Tool Talk
Woodworking Forum => Woodworking Forum => Topic started by: Bill Houghton on January 16, 2015, 06:02:25 PM
-
I picked up some handscrews at a yard sale last week. Three of them were classic wood-screw handscrews, which I've seen but never owned, but one was an oddity, designed like the traditional wood screw tool, but with metal screws operating in T-nut-like inserts in the jaws. In the picture, the handscrews are, left to right, a wood-screw model, the metal-screw model oddity, and a modern Jorgsensen-type handscrew with left and right hand threads.
The screws on the metal-screw oddity are buttressed toward the handle, which seems overkill, but the company (all I can read of the maker's label is "---o Vise Company," with, perhaps, a California location) was obviously determined to put a good product out there.

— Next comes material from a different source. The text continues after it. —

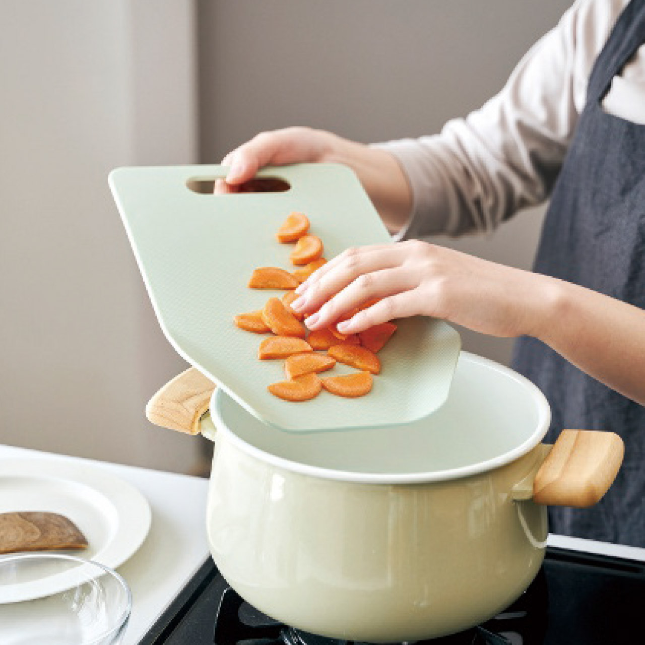 抗菌加工のまな板3枚セット。用途分けができ、収納時は重ねてコンパクトに収まる実用性もアリ。

When we first moved back to California in 1973, the local library had quite a few old beginner's woodworking texts. I recall one warning against getting the jaws on a wood-screw handscrew out of parallel, with a frightening picture of the screws splitting from being strained off-axis. Sure enough, the middle screw on the metal-screw oddity is bent.
-
Nice clamps!!
-
Nice clamps!!
I don't have a big enough space to spread out the whole handscrew clamp herd for a photo, although I guess I could stack them up. I lucked into a couple of yard sales with lots of them a few years back, which kind of overwhelmed the handful I had up until then.
I need to get done with this going-on-forever house refurbishment, so I can make projects that require the use of the clamps!